May have associated cataract and glaucoma
Differential Diagnosis
Sclerocornea
Tears in Descemet’s membrane or birth trauma
Ulcer or infection
MPS
CHED
Dermoid
Glaucoma
Diagnosis
Examination under anesthesia may be needed to confirm diagnosis and rule out glaucoma.
Treatment
Evaluation by a genetic specialist to look for associated anomalies and to rule out Peters’ plus syndrome
Treat glaucoma if present.
Penetrating keratoplasty should be considered within the first few months of life if the central visual axis is involved and posterior segment is relatively normal.

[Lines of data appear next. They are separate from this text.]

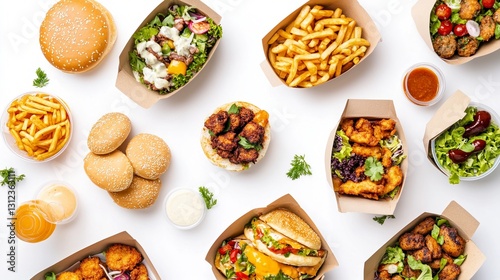 Overhead shot of various fast food items arranged on a white background including burgers, fries, chicken nuggets, and salads in cardboard
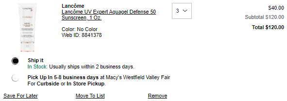 | 内容: | 网站需在境外网络环境下打开! Macy's梅西百货这款LANC?ME 兰蔻防晒霜 spf50 30ml,售价$40;美国境内满$25免邮; 还叠加多重满赠如下: -满$42.5送护肤6件套; -满$80再送护肤3件套,含粉水、小黑瓶等; -美妆订单满$50送小样礼包; 另外美国官网目前有此款6折促销,需用码“JULY”,链接直达>>>大家根据需要选择; 这个美版的应该跟国内蓝白色包装的是同款。质地轻薄,不能说是aqua gel但是比乳液状的要更轻薄,擦上脸是光泽皮肤的感觉,不用盖粉底也不会觉得太油。香味很淡,是淡淡的花香;
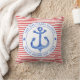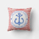 NewparkLane - Oreiller à lancer nautique, avec un motif rayé rouge et blanc et une ancre bleue marine dans un cadre blanc circulaire. Ajoutez votre nom de famille ou tout autre texte personnel dans le cadre autour de l'ancre. Conception sympa pour une maison de plage, et fait un merveilleux cadeau pour les amis avec une nouvelle maison. Pour tous ceux qui aiment les thèmes nautiques. Découvrez ceci pour d'autres articles correspondants et amusez-vous et mélangez et Match! Également disponible en bleu.
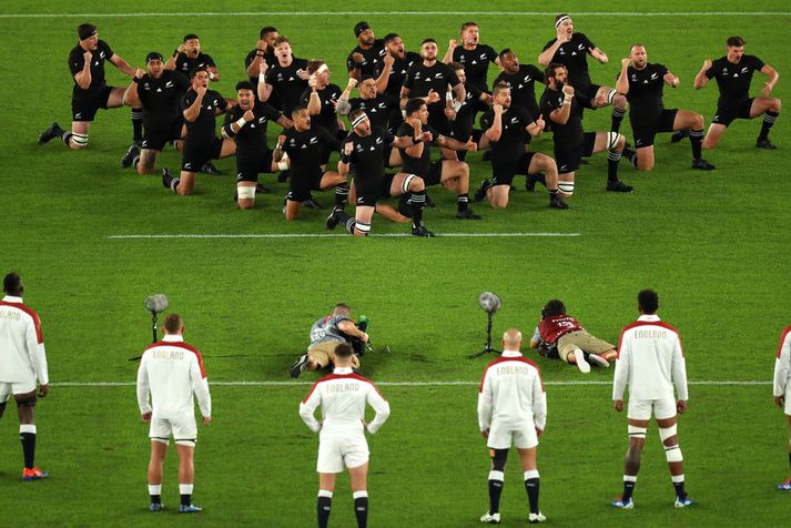 „Trufluðu“ Haka-dansinn fyrir leik og fengu sekt Óskar Ófeigur Jónsson skrifar 30. október 2019 11:00 Haka-dansinn í fullum gangi. Getty/Dan Mullan Rúgbý er ein af örfáum íþróttagreinum í heiminum þar sem eitt landsliðanna býður upp á dans eða í raun hálfgerðan gjörning rétt fyrir leik. Mótherjarnir verða líka að passa sig á meðan dansinn stendur yfir. Englendingar tryggðu sér sæti í úrslitaleiknum á HM í rúgbý með sigri á Nýsjálendingum í undanúrslitaleiknum og mæta Suður-Afríku í leiknum um gullið. England fined for V-shaped formation facing New Zealand’s haka https://t.co/UrLlNp5CcM — The Guardian (@guardian) October 29, 2019 Nýsjálendingar buðu upp á Haka-dansinn sinn fyrir leik eins og venjan er. Ensku landsliðsmennirnir voru hins vegar ekki alveg með reglurnar á hreinu. Þeir urðu að halda sér inn á sínum vallarhelmingi á meðan á Haka-dansinum stóð. Dómarinn leiksins þurfti að fá fjölmarga leikmenn enska liðsins til að baka..@EnglandRugby's incredible response to an intense @AllBlacks Haka#ENGvNZL#RWC2019#WebbEllisCuppic.twitter.com/pXOw7v01df — Rugby World Cup (@rugbyworldcup) October 26, 2019 Ensku landsliðsmennirnir stigu fram á móti Nýsjálendingunum eins og þeir væru að svara áskoruninni sem felst í umræddum Haka-dansi fyrir leik. Það var ekki ólöglegt hjá þeim að stíga fram en þeir máttu bara ekki stíga inn á vallarhelming Nýja-Sjálands. Hvort sem að þetta „útspil“ Englendinga hafi tekið Nýsjálendingana úr jafnvægi eða ekki þá vann enska liðið undanúrslitaleikinn 19-7.I N T E N S E#ENGvNZL#RWC2019#WebbEllisCuppic.twitter.com/UjMhE8N210 — Rugby World Cup (@rugbyworldcup) October 26, 2019 Enska sambandið slapp aftur á móti ekki við sekt heldur voru Englendingar sektaðir um tvö þúsund pund, meira en 320 þúsund íslenskar krónur, fyrir að virða ekki sín mörk á meðan Haka-dansinum stóð. Úrslitaleikur Englendinga og Suður-Afríkumanna fer fram á laugardaginn en HM fer fram í Japan að þessu sinni.“I genuinely loved the English boys when New Zealand did the haka.” “They should pay the fine with a smile. It was magnificent!” “It was sporting psychology at its very, very ultimate best!” Ally McCoist lauds England’s haka response despite being fined for it! pic.twitter.com/fDeesGb2R0 — talkSPORT (@talkSPORT) October 30, 2019 Nýja-Sjáland Rugby Mest lesið Þessi tíu eru tilnefnd sem Íþróttamaður ársins 2025: 23 ára aldursmunur Sport Sagan ekki sönn: „Veit ekki hvaðan þetta á að hafa komið“ Íslenski boltinn Sakaður um niðurlægingu: „Við viljum ekki hafa hann sem þjálfara“ Handbolti Erfitt að vera í burtu þegar mamma greindist Fótbolti Slot mun sakna Isak í tvo mánuði eftir „glórulausa tæklingu“ Enski boltinn Einn leikmaður með samning og völlurinn ólöglegur Fótbolti Áfallið staðreynd og Isak búinn í aðgerð Enski boltinn Kansas frá Kansas til Kansas Sport Vildi tapa legg: „Mesti hávaði sem ég hef heyrt“ Sport Missti alveg stjórn á skapinu en það skilaði sigri Körfubolti Fleiri fréttir Kongóliðar byrja á sigri Glódís framlengir samninginn við Bayern Chelsea setur sig í samband við Semenyo Sagan ekki sönn: „Veit ekki hvaðan þetta á að hafa komið“ Hætt við að spila í Ástralíu en óvíst hvar leikurinn verður Neymar kominn á lappir og lofar að skora í úrslitaleik HM Tryggðu þrjú lið í úrslitakeppnina Jiménez jafnaði bestu vítaskyttu sögunnar Kansas frá Kansas til Kansas Slot mun sakna Isak í tvo mánuði eftir „glórulausa tæklingu“ Sjáðu „auma“ vítið sem skilaði Fulham sigri Hápunktur ársins að jafna pabba á heimavelli Missti alveg stjórn á skapinu en það skilaði sigri Erfitt að vera í burtu þegar mamma greindist „Svona lítur frábær ákvörðun út“ Sakaður um niðurlægingu: „Við viljum ekki hafa hann sem þjálfara“ Þessi tíu eru tilnefnd sem Íþróttamaður ársins 2025: 23 ára aldursmunur Dagskráin í dag: Kæst yfir NFL, pílu og enska boltanum Einn leikmaður með samning og völlurinn ólöglegur Vildi tapa legg: „Mesti hávaði sem ég hef heyrt“ Salah færði Egyptum draumabyrjun Fulham skildi Forest eftir við fallsvæðið Áfallið staðreynd og Isak búinn í aðgerð Neres hetja Napoli í Sádi-Arabíu Aron Einar lagði upp dýrmætt sigurmark Sagði látna systur sína hafa tryggt sigurinn ótrúlega Steraleikarnir segi ungu fólki að það sé aldrei nógu fullkomið Afkáralegt fagn hjá hetju Sambíu Glódís Perla veik í jólafríið en enn taplaus Hættur aðeins þrítugur Sjá meira

If a visually significant cataract is present, cataract removal may be needed.
Prognosis
Depends on involvement of the anterior segment; prognosis is poorer if a cataract or glaucoma is present
Depends on success of amblyopia treatment
Early keratoplasty may reduce amblyopia.
REFERENCES
Mailette De Buy Wenniger-Prick LJ, Hennekam RC. The Peters’ plus syndrome: a review. Ann Genet. 2002;45(2):97–103.
Yang LL, Lambert SR, Drews-Botsch C, et al. Long-term visual outcome of penetrating keratoplasty in infants and children with Peters anomaly. J AAPOS. 2009;13(2):175–180.
Yang LL, Lambert SR, Lynn MJ, et al. Long-term results of corneal graft survival in infants and children with Peters anomaly. Ophthalmology. 1999;106(4):833–848.